▶ **What you need to do**: Please return the data that follows precisely as written, but without the images.

Recorded information Block Start

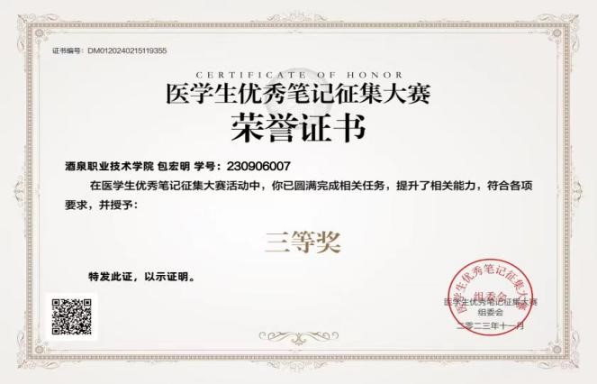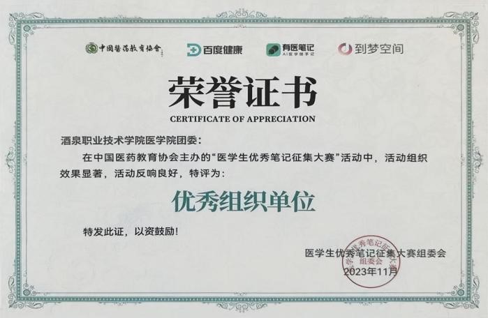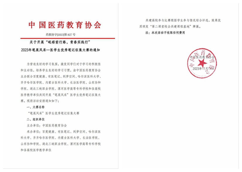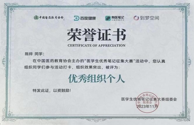 由中国医药教育协会联合百度健康主办的“砥砺前行路,青春实践行”“笔展风采”全国医学生优秀笔记大赛中,医学生学子们以他们的卓越表现,获得“优秀组织奖”、包宏明同学获得三等奖、陈烨同学获得优秀组织个人。
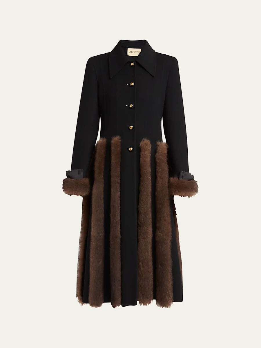 Sheep Shearling-Trim Single-Breasted Cashmere Coat
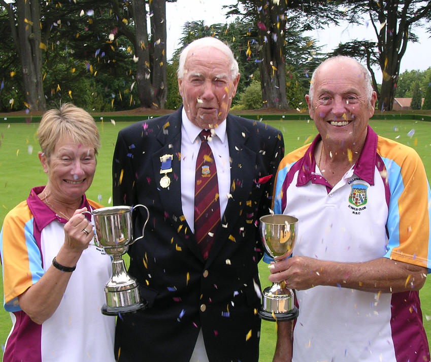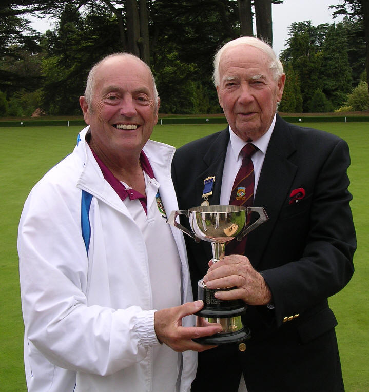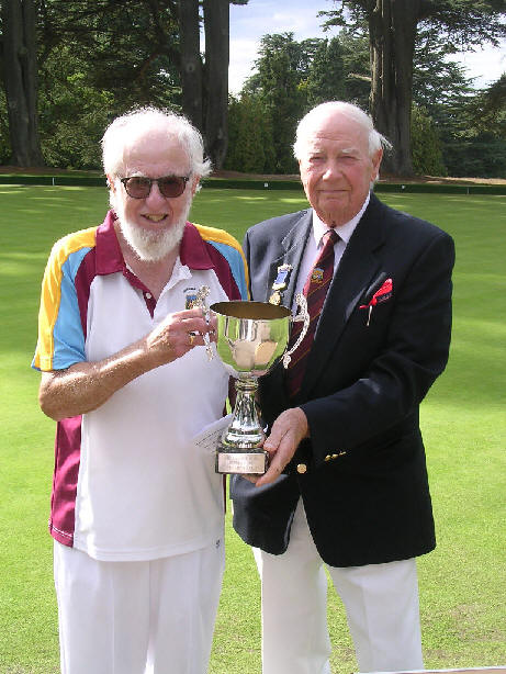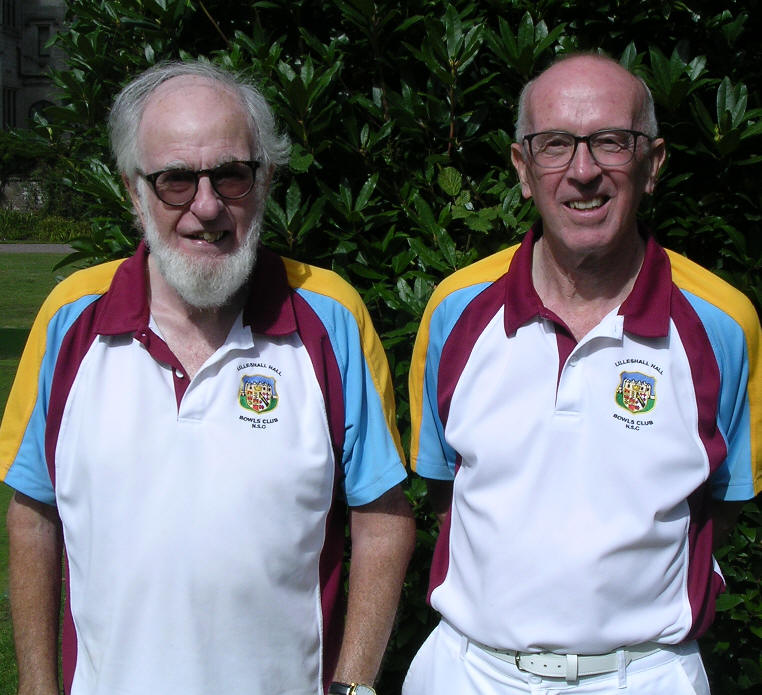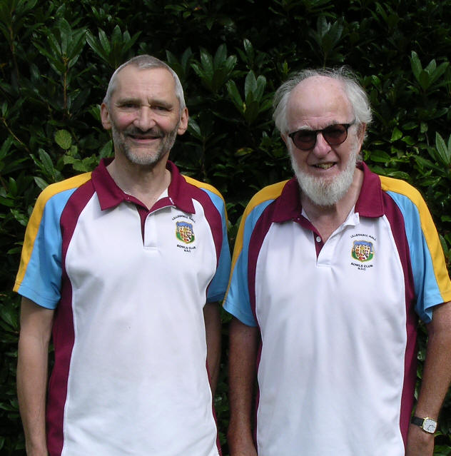 This match saw Mike Caird & Quentin, both playing their third final, up against last year's runners-up Peter Hancock and Bill Greenway. All players found their form quickly and after a trailed jack with his last bowl gave Quentin and Mike two shots on the first end the second end was tied with the umpire declaring both bowls touching the jack.
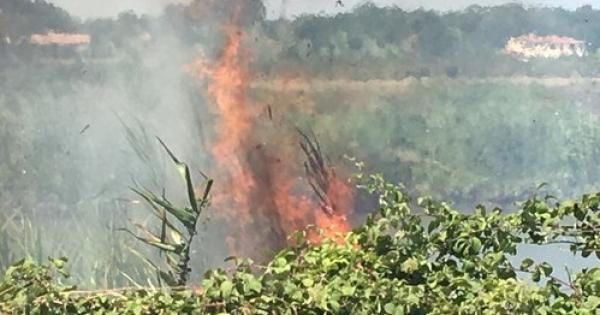 Fiamme lungo l'argine del Canalbianco ad Adria
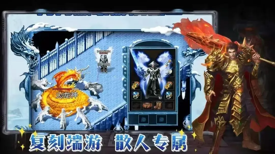 游戏在场景与美术风格上高度还原经典冰雪版本,冰雪之城、冰封雪域、冰龙神殿、雪域魔窟等经典地图均完整呈现,整体画面风格偏向复古冰雪质感,无过度花哨的特效与违和改动,保持原作氛围。搭配对应场景背景音乐,怪物与BOSS模型也保持经典设定,场景内无空气墙,地图衔接流畅,战斗手感与细节均做了优化,老玩家可以快速适应,沉浸式体验冰雪题材的经典玩法。
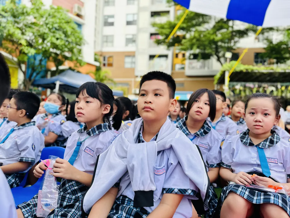 Các em học sinh dự khai giảng năm học mới tại Trường Tiểu học Lê Đức Thọ (quận Gò Vấp, TPHCM). Ảnh: CHÍ THẠCH |
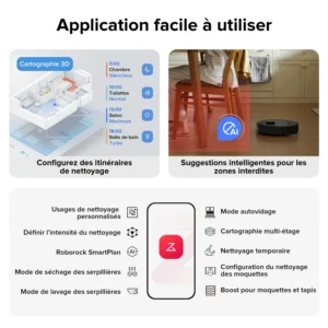 📱 تحكم عبر التطبيق – جدولة التنظيف، إعداد مناطق محظورة، وزيادة قوة الشفط تلقائيًا عند اكتشاف السجاد.
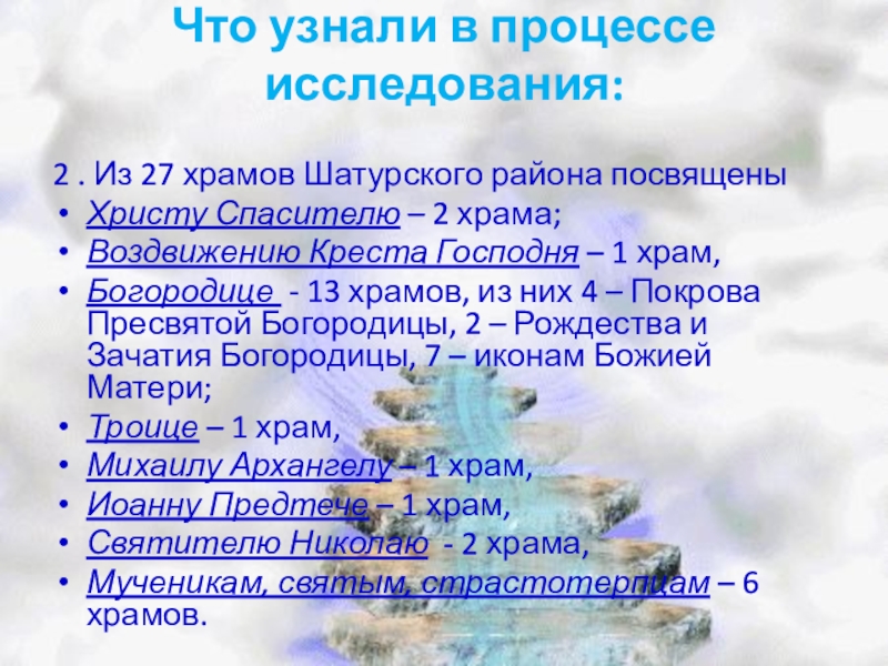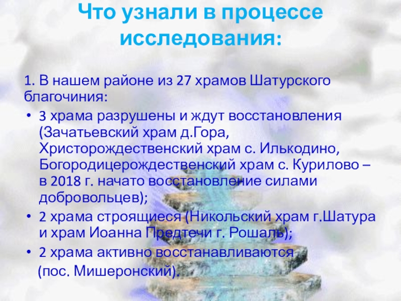 Слайд 19По цвету большинство храмов в Шатурском районе – с золотыми куполами
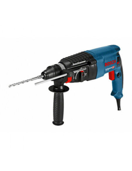 Bosch GBH 2-26 Professional. Tipo de chave: SDS Plus, Cor do produto: Preto, Azul, Vermelho. Velocidade nominal (mín.): 900 RPM, Velocidade nominal (max): 4000 RPM, Nível de vibração (perfuração com martelo): 14 m/s². Fonte de alimentação: AC, Potência de input: 830 W. Peso: 2,7 kg, Largura: 83 mm, Profundidade: 377 mm

Recorded information Block End

▶ **Exercise output**:
 由中国医药教育协会联合百度健康主办的“砥砺前行路,青春实践行”“笔展风采”全国医学生优秀笔记大赛中,医学生学子们以他们的卓越表现,获得“优秀组织奖”、包宏明同学获得三等奖、陈烨同学获得优秀组织个人。
 Sheep Shearling-Trim Single-Breasted Cashmere Coat
 This match saw Mike Caird & Quentin, both playing their third final, up against last year's runners-up Peter Hancock and Bill Greenway. All players found their form quickly and after a trailed jack with his last bowl gave Quentin and Mike two shots on the first end the second end was tied with the umpire declaring both bowls touching the jack.
 Fiamme lungo l'argine del Canalbianco ad Adria
 游戏在场景与美术风格上高度还原经典冰雪版本,冰雪之城、冰封雪域、冰龙神殿、雪域魔窟等经典地图均完整呈现,整体画面风格偏向复古冰雪质感,无过度花哨的特效与违和改动,保持原作氛围。搭配对应场景背景音乐,怪物与BOSS模型也保持经典设定,场景内无空气墙,地图衔接流畅,战斗手感与细节均做了优化,老玩家可以快速适应,沉浸式体验冰雪题材的经典玩法。
 Các em học sinh dự khai giảng năm học mới tại Trường Tiểu học Lê Đức Thọ (quận Gò Vấp, TPHCM). Ảnh: CHÍ THẠCH |
 📱 تحكم عبر التطبيق – جدولة التنظيف، إعداد مناطق محظورة، وزيادة قوة الشفط تلقائيًا عند اكتشاف السجاد.
 Слайд 19По цвету большинство храмов в Шатурском районе – с золотыми куполами
 Bosch GBH 2-26 Professional. Tipo de chave: SDS Plus, Cor do produto: Preto, Azul, Vermelho. Velocidade nominal (mín.): 900 RPM, Velocidade nominal (max): 4000 RPM, Nível de vibração (perfuração com martelo): 14 m/s². Fonte de alimentação: AC, Potência de input: 830 W. Peso: 2,7 kg, Largura: 83 mm, Profundidade: 377 mm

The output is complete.